IDENTIFY EARLY CVD RISK
The results underscore the importance of evaluating CVD risk factors in young people, says lead author Catherine Loria, PhD, a nutritional epidemiologist at the National Heart, Lung, and Blood Institute of the National Institutes of Health. "If a young adult has even slightly elevated [risk factor] levels, the physician may want to encourage lifestyle changes to reduce their patient's risk."
Young adults with above-optimal levels for each of the risk factors at baseline were two to three times more likely to have measurable CAC in the future.
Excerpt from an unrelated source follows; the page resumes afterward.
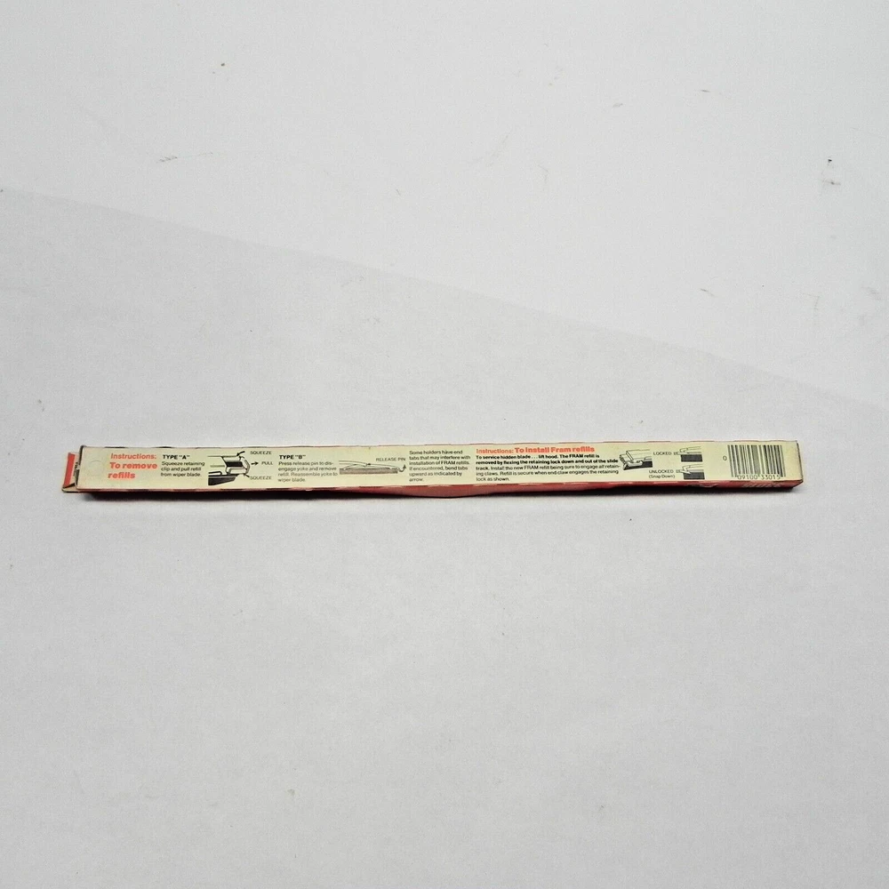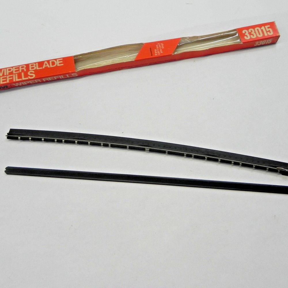 The product is a set of vintage Fram 15-inch replacement wiper blades refills (part number 33015) designed for universal windshield use. It includes mounting hardware for easy installation. The blades are suitable for various vehicles and offer a convenient and reliable solution for maintaining clear visibility during inclement weather conditions. A genuine Fram product, these wiper blade refills provide quality performance and durability for efficient windshield wiping. Fit many makes and models, chevrolet chevy ford mopar chrysler plymouth pontiac honda nissan datsun.

In addition, increases in coronary artery calcium in the 40–45 age group, compared with the 33–39 age group, suggest an acceleration of the development of CAC in later years.
Specifically, the researchers found those with blood glucose >110 mg/dl had a threefold increase in risk of developing CAC deposits by year 15; those with LDL cholesterol >130 mg/dl had a twofold increase in risk; and those with blood pressure >120/80 mmHg at entry had a 1.5–2 times greater risk.
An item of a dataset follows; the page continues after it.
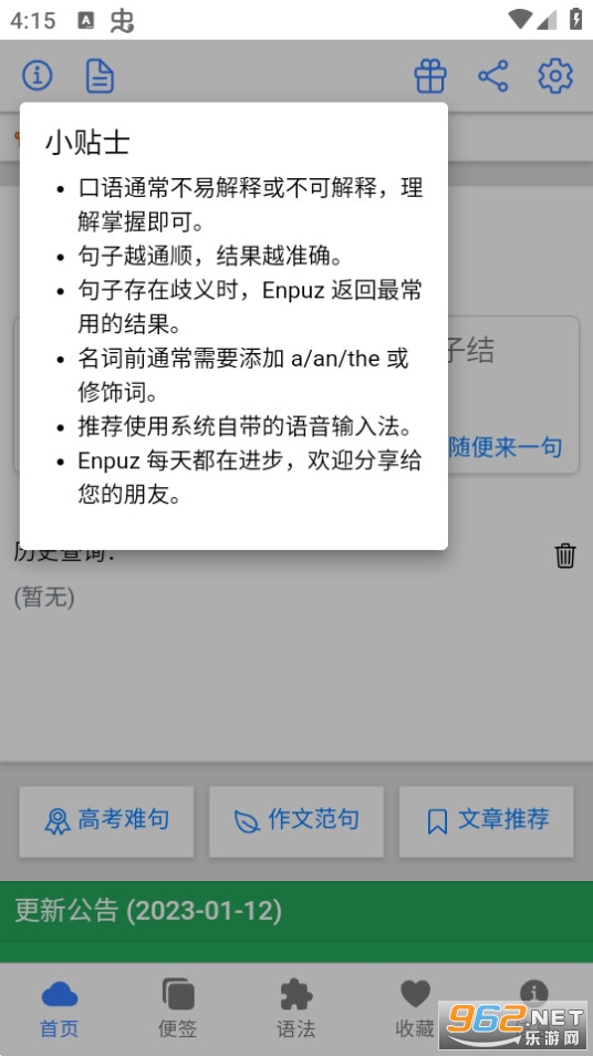 Enpuz是一款非常好用的英语学习工具,不仅可以查询单词意思、翻译语句,还能学习各种语法和好久,操作起来非常的简单,而且每一次的分析注解都非常的详细,可以帮助学生们充分的了解并领悟。还有很多的好句推荐,你可以充分的运用到英语作文中,这绝对是一项加分项!

Given the correlations between risk factors and CAC, Loria suggests primary care physicians conduct more cholesterol, blood pressure, BMI, and blood glucose screening for CVD risk factors in younger patients.
"National data would suggest that fewer people in this age group undergo risk-factor screening than older adults," Loria says. "We don't necessarily do a great job of making sure that we look for CVD risk factors in our patients who appear healthy."
TAKE ACTION
If screening reveals high CVD risk in young patients, physicians should advise them to improve their diets and exercise regularly, says Deanna Willis, MD, an associate professor of family medicine at Indiana University School of Medicine in Indianapolis who was not involved with the study.
Willis concedes, though, that it's "a challenge to convince patients that eating bar-and-grill food in [their] 20s really impacts their heart later on."
Another challenge is determining when or if to initiate treatment with medications in young adults, notes Lewis.
"This is an observational study, so we don't have the clinical trial
data needed to show you should be treating this group with medications,
especially from an early age," Lewis says. "The things we can do
without trial data are strongly encourage healthy diet and lifestyle at
earlier ages, and not think all is well because your patient is under
30."
Footnotes
Clinical practice guidelines on screening for and managing high cholesterol, high blood pressure, and obesity are available from the National Heart, Lung, and Blood Institute at www.nhlbi.nih.gov/guidelines/index.htm.